#### DIRECTIONS
The required answer is the data below, restated word for word with images omitted.

#### SOURCE DATA

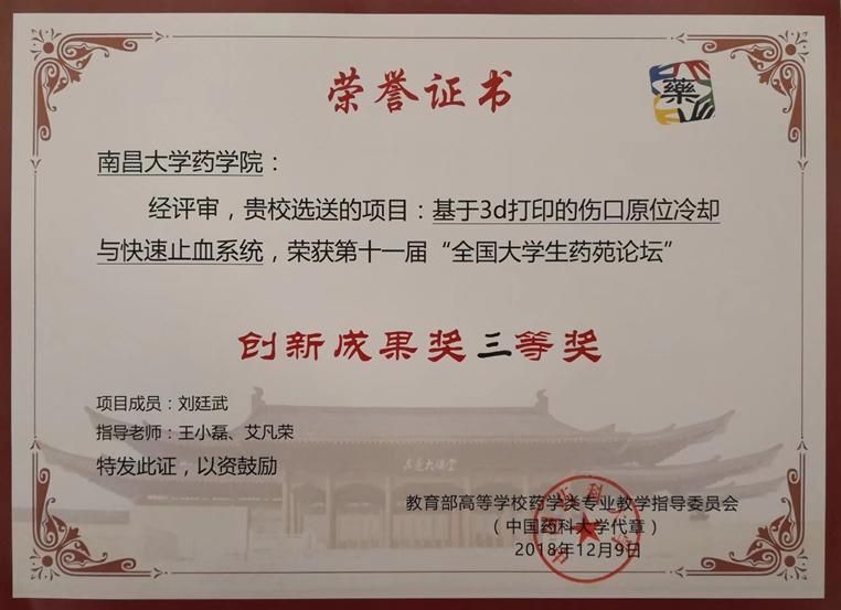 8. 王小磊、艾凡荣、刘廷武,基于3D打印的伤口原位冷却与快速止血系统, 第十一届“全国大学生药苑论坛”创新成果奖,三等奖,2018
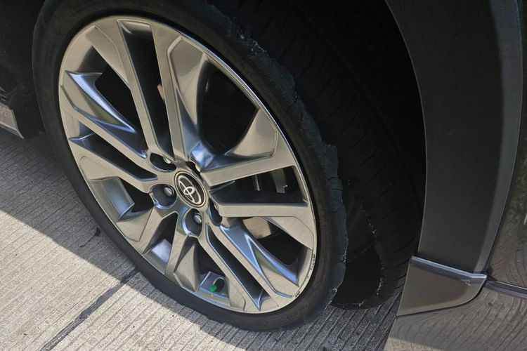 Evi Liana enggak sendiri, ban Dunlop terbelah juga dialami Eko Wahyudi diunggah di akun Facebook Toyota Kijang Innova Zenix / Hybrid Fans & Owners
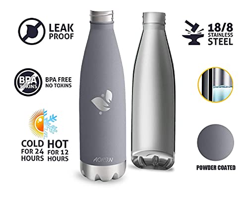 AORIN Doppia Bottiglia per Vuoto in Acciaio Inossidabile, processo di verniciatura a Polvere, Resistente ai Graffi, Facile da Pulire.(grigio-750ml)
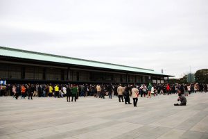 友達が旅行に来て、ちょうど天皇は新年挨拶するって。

#### RESPONSE BELOW
 8. 王小磊、艾凡荣、刘廷武,基于3D打印的伤口原位冷却与快速止血系统, 第十一届“全国大学生药苑论坛”创新成果奖,三等奖,2018
 Evi Liana enggak sendiri, ban Dunlop terbelah juga dialami Eko Wahyudi diunggah di akun Facebook Toyota Kijang Innova Zenix / Hybrid Fans & Owners
 AORIN Doppia Bottiglia per Vuoto in Acciaio Inossidabile, processo di verniciatura a Polvere, Resistente ai Graffi, Facile da Pulire.(grigio-750ml)
 友達が旅行に来て、ちょうど天皇は新年挨拶するって。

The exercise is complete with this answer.